Saturday, April 25, 2020

The day after Friday

Since I missed my usual Friday Covid-landmark blog, I thought I'd do a second blog. I think my streak of Friday blogs go all the way back to our self-isolation in February, so it is a shame to have broken it.

What has this seven day period brought? The world's daily increase in the numbers of cases and deaths seem to have stabilised, but it isn't dropping. It is rather incredible and it would be interesting to know how this is possible. The majority of the affected world being locked down shouldn't really allow it to keep going with 90,000 cases a day. With almost all social and commercial interactions suppressed, there shouldn't be a way for cases to sustain what is essentially the same rate as before the lock down, but yet there are very few countries on the path to elimination, and fortunately New Zealand, Australia and South Korea are all pretty close to it.

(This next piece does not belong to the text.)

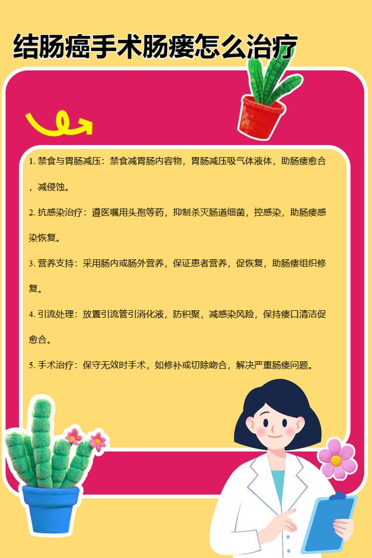 结肠癌手术肠瘘的治疗方法有禁食与胃肠减压、抗感染治疗、营养支持、引流处理、手术治疗等。

There are some articles recognising the patchwork inconsistent strategy of Australia, which looked messy at first, has reigned in the outbreak while preserving normality by a degree. Doing a "black and white" analysis, they might have stumbled on a better degree of social distancing than the strict lock-down in New Zealand. That is not to say the foolish pundits criticising the New Zealand approach have any merit to say that we have been too heavy-handed. When we went into lock-down, there were few successful suppressions of the outbreak to reference and it is a good thing that different countries try different things, even if there might be some failures. But there is room for individual characteristics in each experiment. Covid-19 might spread in any weather, but warmer, drier, more outdoors-inclined countries may have a greater advantage. There is every chance that the Australian strategy might have failed in New Zealand as the cooler, moister climate would keep people indoors earlier and windows shut. Australia might end with lower cases per capita and deaths per capita, but then our deaths are blighted by the failure in Rosewood Resthome, which makes up over half of our fatalities.

How the real satire that are the United States of America has not yet descended into chaos deserves some consideration. They are racking up the cases and the deaths. And even before cases have consistently gone down, they're loosening restrictions in some states. It would be too easy to say that this will permit the outbreak to continue and burn on - but it is still an experiment of sorts. If Australia could drag its numbers down with more moderate controls in a hot, dry climate, perhaps Texas might enjoy the same success. Either way, their hopes of keeping it under 60,000 deaths is out the window. Their cases increased a third and their deaths by 70% in the week. 2,000 to 3,000 deaths are reported each day. As New York's blaze runs out of wood, the other states are manning up the bodybags.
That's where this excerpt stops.